Обладал мощным, ровным во всех регистрах голосом с горловым призвуком, ярким сцен. темпераментом, природной музыкальностью, тонким худож. вкусом. Несмотря на значительную форсировку голоса, частые выступления (порой давал по два концерта в день), пел до 62 лет. Репертуар насчитывал 93 партии.

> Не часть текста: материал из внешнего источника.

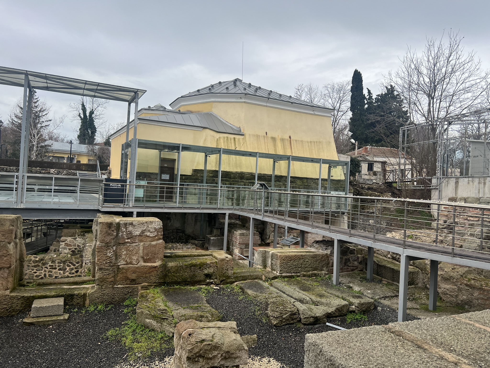 Его построили в 2022 году. Развалины римских бань накрыли, частично восстановили. Провели археологические раскопки. Золотые монеты и печати, найденные тут, выставлены в музее.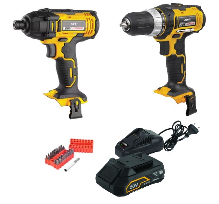 סט אימפקט ומברגה / מקדחה + סוללה 2A ומטען מבית GPT (כולל ביטים)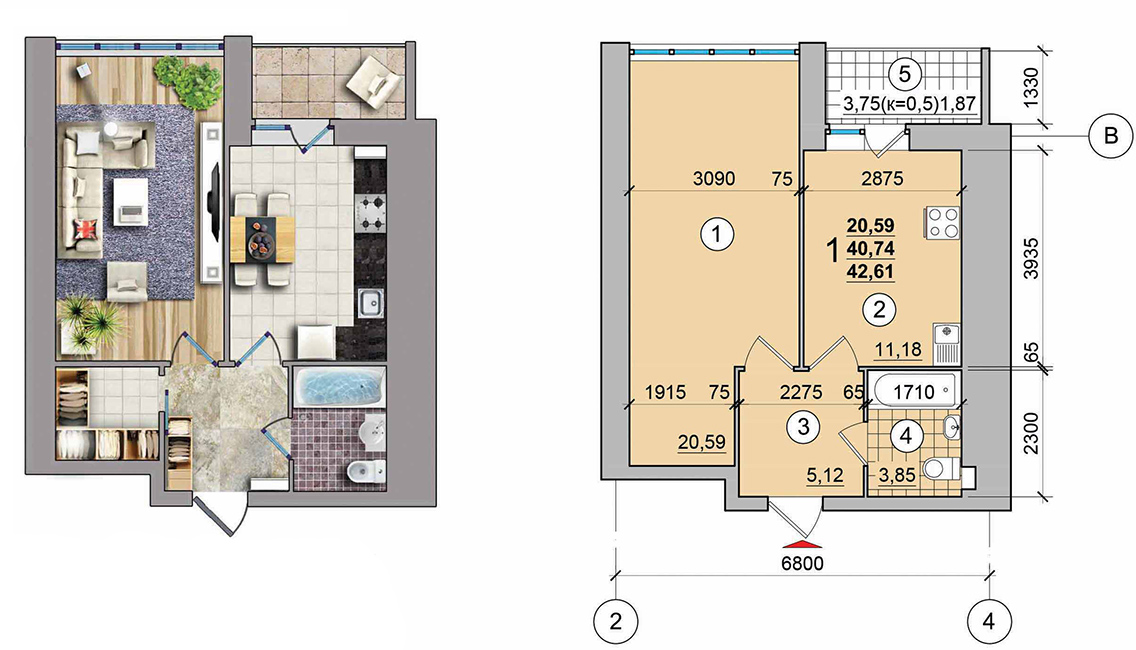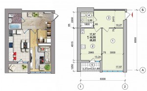 1-кімн.кв. загальною площею: 42,08м, кімната - 20,8мм, кухня - 10,44м, с/в - 3,85м.

1-й исп. партий: 2-го корабельщика ("Сказка о царе Салтане" Н. Римского-Корсакова, 1900), Ивана-королевича ("Кащей бессмертный" Н. Римского-Корсакова, 1902), Князя Великого Китежа ("Сказание о граде великом Китеже и тихом озере Светояре" С. Василенко, 1903), Кардинала Монтанелли ("Овод" В. Трамбицкого, 1929);
на рус. сцене — Рудольфа ("Жизнь Латинского квартала" Р. Леонкавалло, 1907), Бекмессера ("Нюрнбергские мейстерзингеры" Р. Вагнера, 1909), Ренса ("Девушка с Запада" Дж. Пуччини, 1913);
в Москве — Шарплеса ("Чио-Чио-сан"/"Мадам Баттерфляй" Дж. Пуччини, 1911, режиссёр П. С. Оленин), Себастьяно ("Долина" Э. д’Альбера, 1911);
в Петрограде — Родриго/Маркиза ди Позы ("Дон Карлос" Дж. Верди, 1917);
в Свердловске — Тьебо ("Фленго" В. Цыбина, 1928);
в СССР — Бродячего актера ("Дальний звон" Ф. Шрекера, 1925); Короля Треф ("Любовь к трём апельсинам" С. Прокофьева, 1926), Зурги ("Искатели жемчуга" Ж. Бизе, 1927), Воццека (одноим. опера А. Берга, 1927; Б. Асафьев писал: "Воццек в передаче Бочарова — артиста чуткого и вдумчивого — фигура незабываемая... Отдельные удачные подробности в роли — повороты, жесты, ходьба, интонации — немыслимо перечислять, но из них-то и складывается, как из „бросков“ и „клочков“, меткий и характерно нервный облик Воццека — Бочарова"*), Брата Мелитоне ("Сила судьбы" Дж. Верди, 2-я ред., 1934).
Лучшие партии: Григорий Грязной ("Царская невеста" Н. Римского-Корсакова), Мизгирь ("Снегурочка" Н. Римского-Корсакова), Шакловитый ("Хованщина" М. Мусоргского), Демон (одноим. опера А. Рубинштейна); Бекмессер ("Нюрнбергские мейстерзингеры"), Тонио ("Паяцы" Р. Леонкавалло, 1923), Нелюско ("Африканка" Дж. Мейербера), Амонасро ("Аида" Дж. Верди), Риголетто (одноим. опера Дж. Верди).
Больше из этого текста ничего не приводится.